Gusel Jachina, Wolgakinder (2018)

Seit Wochen leben wir auf Abstand, manche Mitglieder der Risikogruppen sogar ganz isoliert. Was liegt da näher als ein Roman, dessen Hauptfigur über weite Strecken auf sich gestellt und von der Gesellschaft abgeschnitten ist, und zu schauen, wie sie damit umgeht?

Nach ihrem Überraschungserfolg von 2015 Suleika öffnet die Augen nimmt sich die russische Autorin und Filmemacherin Gusel Jachina in ihrem zweiten Roman ebenfalls ein geschichtliches Thema in einer entlegenen Gegend vor. Was für ein gewaltiges Werk: Fast 600 Seiten aus dem Leben eines Dorfschullehrers an der Wolga ab 1916. Da kann man schon jedes Zeitgefühl verlieren und es damit dem Protagonisten Jakob Bach gleichtun. Am liebsten würde er mit seiner Klara ein vollkommen zurückgezogenes Leben führen, aber die Wirklichkeit und der Wandel des Landes mit Revolution und Gründung der Deutschen Republik an der Wolga holen ihn immer wieder ein.
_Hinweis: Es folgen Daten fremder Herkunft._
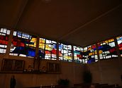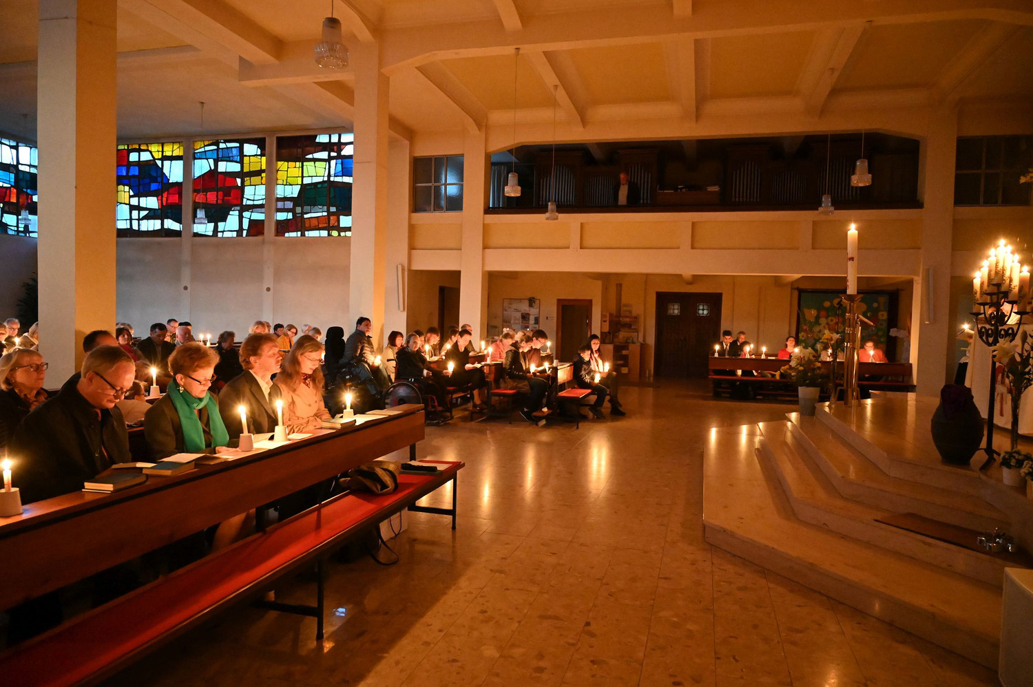 Langsam erhellte die aufgehende Sonne den Kirchenraum durch die bunten Glasfenster vom Tabernakel über die Osterkerze bis zum Altar.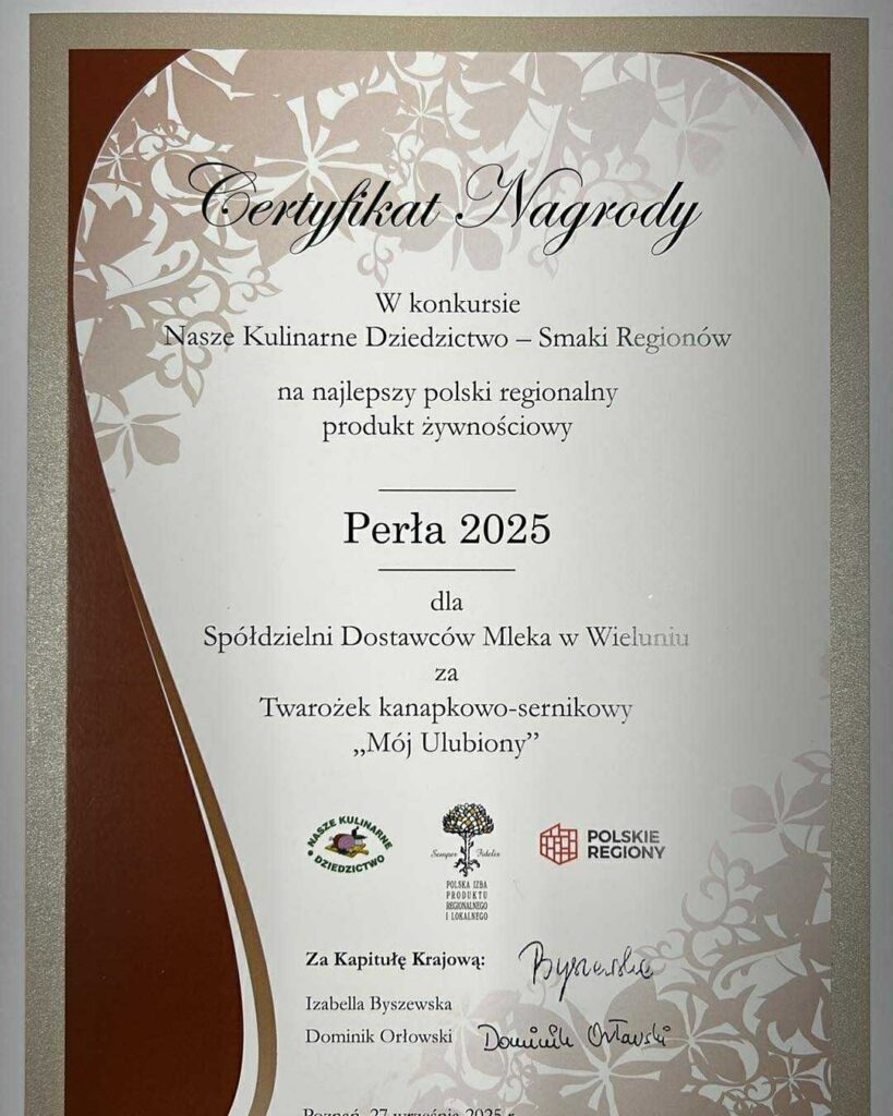 Z ogromną radością informujemy, że Prezes Spółdzielni Dostawców Mleka w Wieluniu Marek Kapica odebrał z rąk Marszałek Województwa Łódzkiego Joanny Skrzydlewskiej dyplom gratulacyjny za dotychczasowe sukcesy SDM Wieluń oraz za zdobycie prestiżowego tytułu „Perła 2025” dla naszych produktów Mój Ulubiony!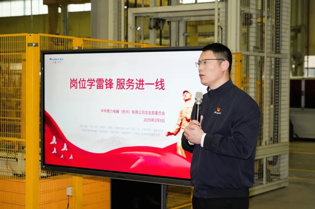 2025年3月5日是第62个“学雷锋纪念日”,也是第26个“中国青年志愿者服务日”。为让雷锋精神在新时代持续闪耀,强化党员社会责任意识,中共格力电器(杭州)有限公司总支部组织全体党员开展“岗位学雷锋 服务进一线”主题党日活动,深入贯彻党的二十届三中全会精神和习总书记对深入开展学雷锋活动重要指示精神,用“身边事”教育“身边人”,将“服务人民、助人为乐”的新时代雷锋精神传递给全体党员,让雷锋精神在新时代绽放耀眼光芒。
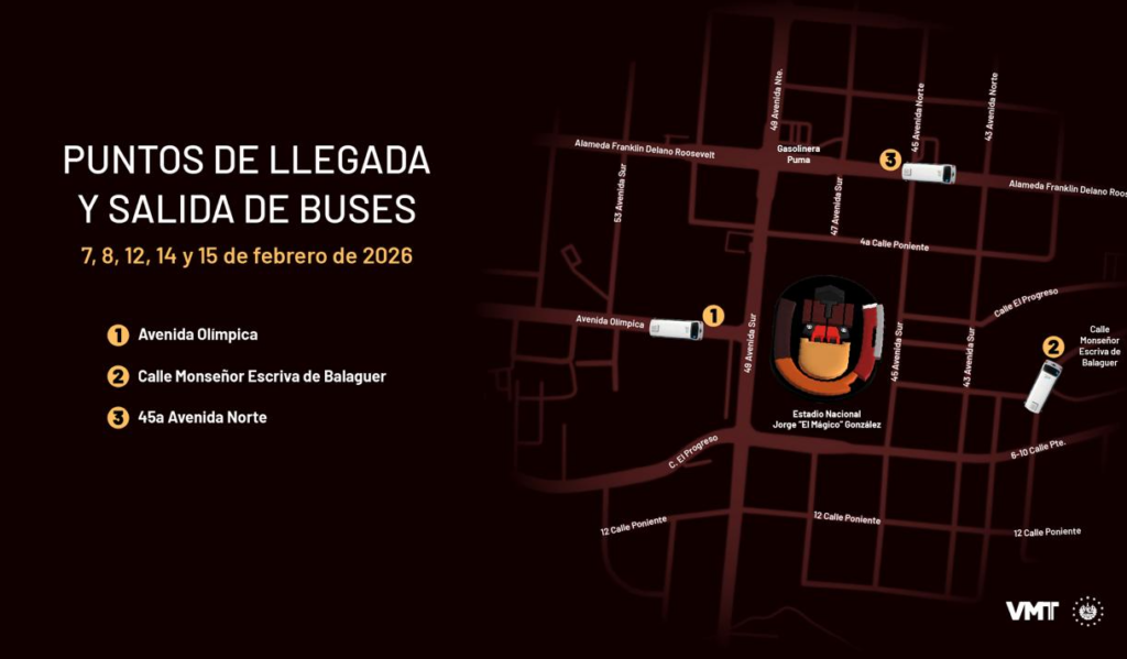 El Viceministerio de Transporte (VMT) informó sobre los dispositivos de gestión del tránsito vehicular y la circulación peatonal que se implementarán durante la residencia de cinco conciertos que la artista colombiana Shakira realizará en el estadio Jorge “El Mágico” González, en San Salvador.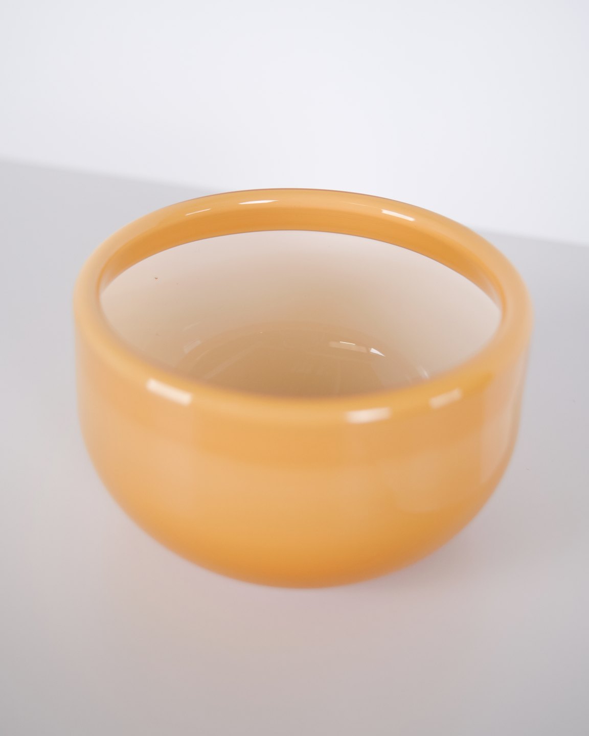 Beskrivelse: Glasskål fra Palet-serien designet af Michael Bang for Holmegaard. Skålen er udført i mundblæst glas i gul/karamel farvetone, kendetegnet ved Palet-seriens farvearbejde og enkle, funktionelle formsprog. Serien blev produceret hos Holmegaard i anden halvdel af det 20. århundrede og er i dag efterspurgt inden for dansk glasdesign.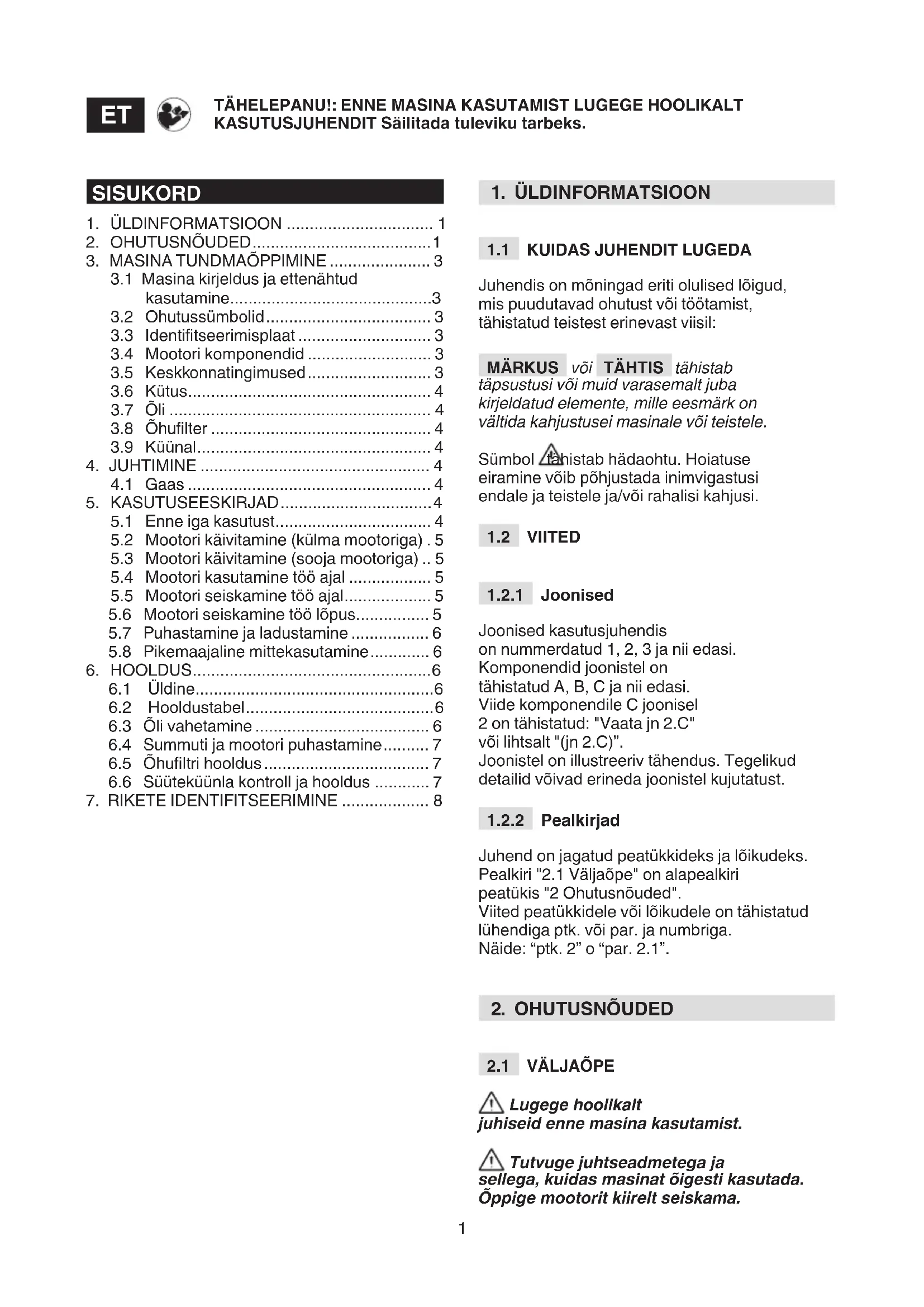 Lugege hoolikalt juhiseid enne masina kasutamist. Tutvuge juhtseadmetega ja sellega, kuidas masinat õigesti kasutada. Õppige mootorit kiirelt seiskama. TÄHELEPANU!: ENNE MASINA KASUTAMIST LUGEGE HOOLIKALT KASUTUSJUHENDIT Säilitada tuleviku tarbeks.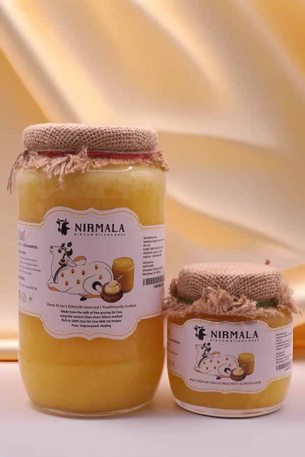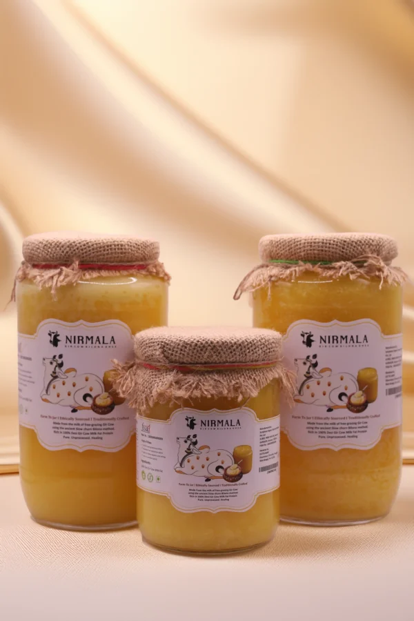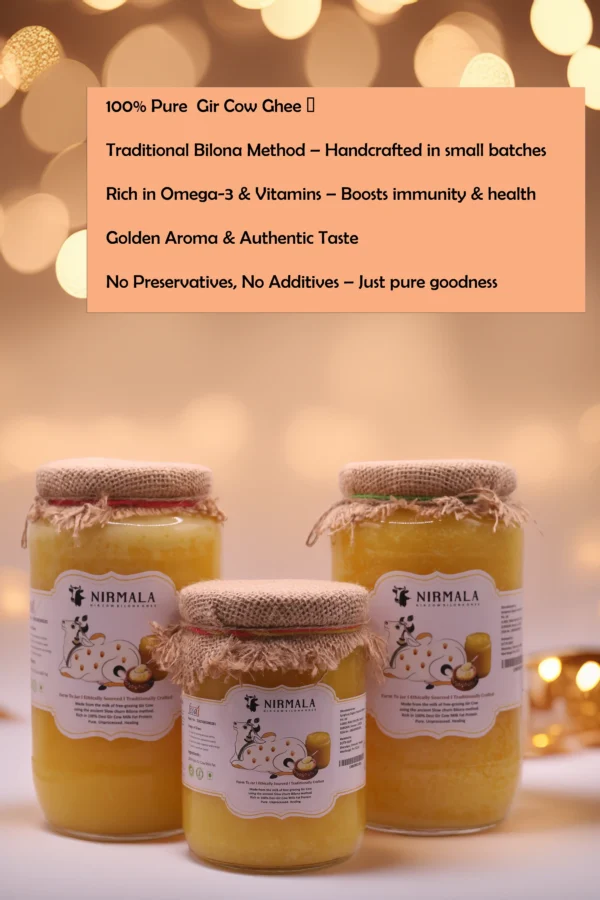 Upgrade your kitchen with Nirmala Naturals Gir Cow Ghee (1L + 250ml Free). Crafted from nutrient-rich Gir cow’s milk through the bilona method, this ghee is wholesome, aromatic, and packed with natural goodness. Ideal for everyday cooking, Ayurveda remedies, or festive dishes, this value pack gives you more purity with every spoonful.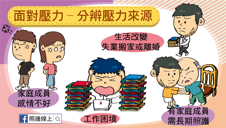 多數人的壓力來自於工作、經濟問題、或婚姻(伴侶)等。有人是因為家庭成員感情不和睦、或是工作讓人太疲憊或無趣。一些生活改變,不論是好是壞,像是失業、搬家、離婚、家中有新成員誕生,也都可能是讓我們生氣、緊張、害怕、坐立難安的原因。現在,隨著平均壽命的拉長與醫學的進步,「有家庭成員需要長期照護」這項目也變成了常見壓力來源。

Das Paar wird überfallen und Klara vergewaltigt. Um ihre Tochter kümmert sich nach Klaras frühem Tod Jakob. Er ist nicht nur auf seinem Hof völlig allein mit dem Kind, sondern durch den Überfall verstummt er auch noch. Der Leser erfährt in sehr langen Beschreibungen viel darüber, wie Jakob sich mit der Situation arrangiert. An manchen Stellen zieht sich der Roman fast ausufernd lang hin, aber gerade dadurch wird das Leben am Fluss begreifbar.